From 21f922f731fb752652e39f564ed670b0574ee451 Mon Sep 17 00:00:00 2001
From: sdomi <ja@sdomi.pl>
Date: Sun, 1 Jun 2025 17:43:12 +0200
Subject: [PATCH 1/3] template: prevent possible LFI given a template injection

we're now doing some extra work to sanitize paths in include keys.
---
 src/template.sh | 28 +++++++++++++++-------------
 1 file changed, 15 insertions(+), 13 deletions(-)

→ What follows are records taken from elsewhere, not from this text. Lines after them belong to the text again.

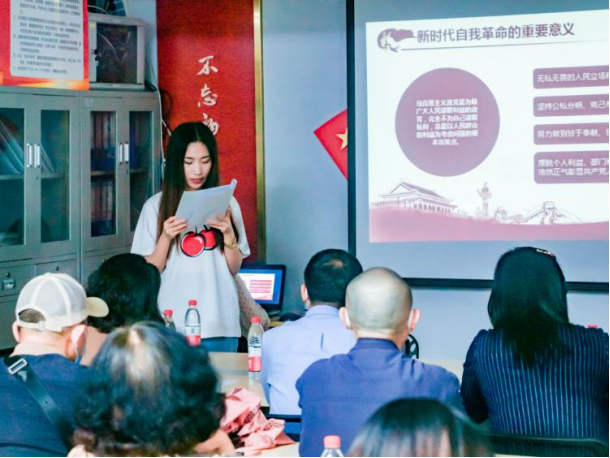 宣讲人李华蕾以“勇于自我革命,赢得历史主动—十九届中央纪委六次全会”讲授专题党课。李华蕾从自我革命的提出及内涵、新时代自我革命的重要意义和推动实现自我革命的根本要求三个方面进行了宣讲。勇于自我革命,是我们党最鲜明的品格,也是我们党最大的优势。在中国共产党的百年历史中,党用实际理念、实际举措、实际成果诠释了自我革命的初心、展现了自我革命的品格,履行了自我革命的誓言。在宣讲的最后,华蕾呼吁在场听众要坚守党员品格,保持党员优势,坚定自我革命的决心,勇于担当自我革命责任。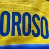 Questo cimelio fa parte della fornitura gara messa a disposizione degli atleti in occasione delle competizioni ufficiali e differisce nelle sue caratteristiche peculiari dai prodotti messi in commercio dallo sponsor tecnico, potrebbe essere stato indossato in partita e lavato dopo il termine della gara oppure preparato per il match ma poi non utilizzato.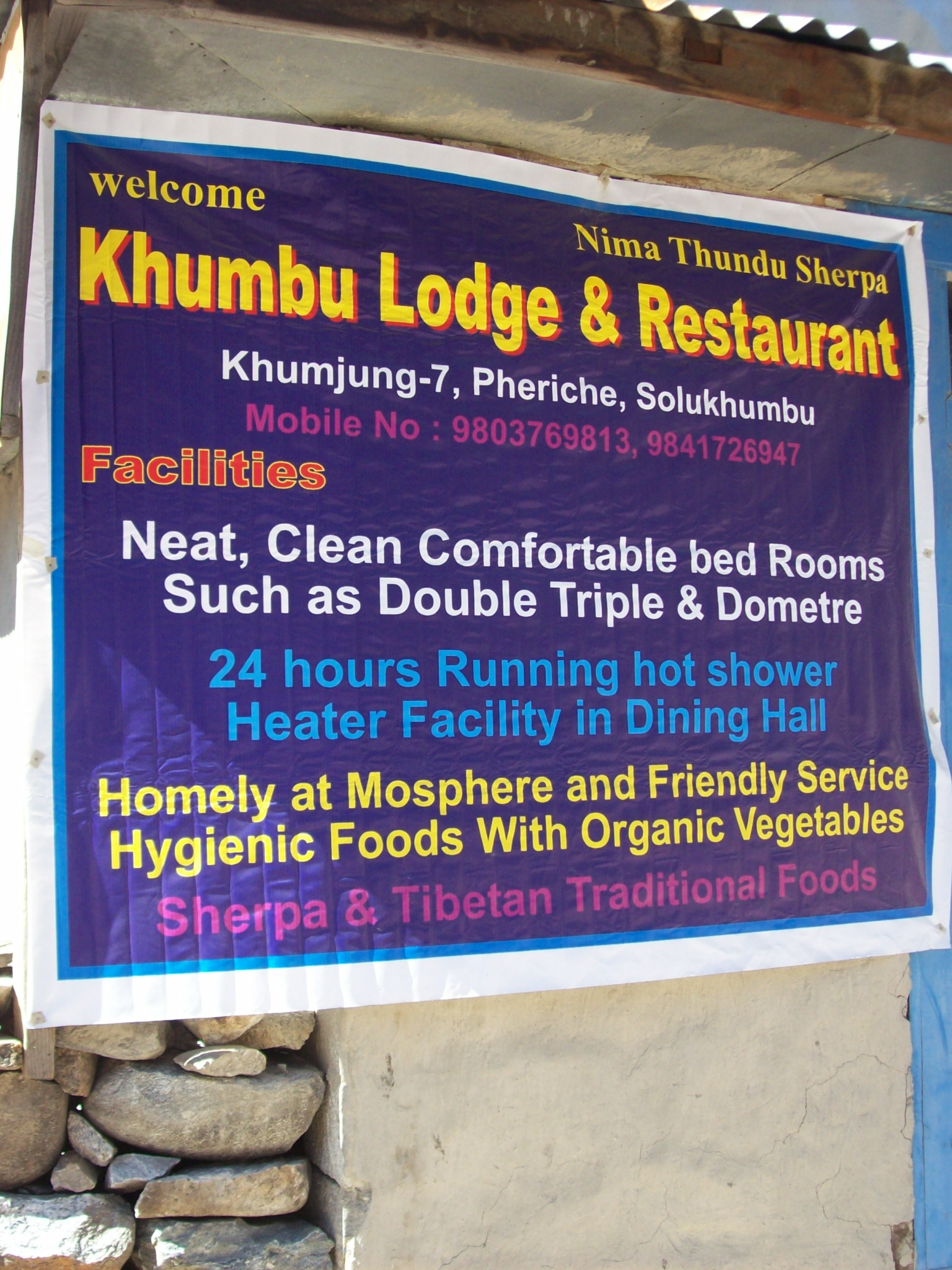 We had a couple of people in the group who haven’t been feeling well, a number of people in the group had a chest infection. We hiked up to the Periche Aid station today to get people checked out, happily everyone turned out to be ok. Also in Periche I saw my favorite sign in the Himalayas, here it is: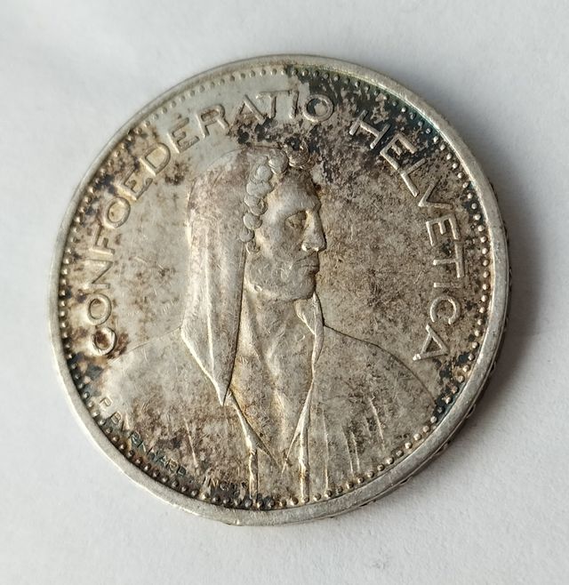 Detalles del productopreciosa moneda de plata de 5 francos suizos de 1939 B.

diff --git a/src/template.sh b/src/template.sh
index 0a34a50..e8cdf9b 100755
--- a/src/template.sh
+++ b/src/template.sh
@@ -27,24 +27,26 @@ function render() {
 	# recursion is currently unsupported here, i feel like it may break things?
 	if [[ "$template" == *'{{#'* && "$3" != true ]]; then
 		local subtemplate=
-		while read key; do 
+		while read key; do
 			# below check prevents the loop loading itself as a template.
 			# this is possibly not enough to prevent all recursions, but
 			# i see it as a last-ditch measure. so it'll do here.
-			if [[ "$file" == "$tplfile" ]]; then
-				subtemplate+="s${_tpl_ctrl}\{\{\#$key\}\}${_tpl_ctrl}I cowardly refuse to endlessly recurse\!${_tpl_ctrl}g;"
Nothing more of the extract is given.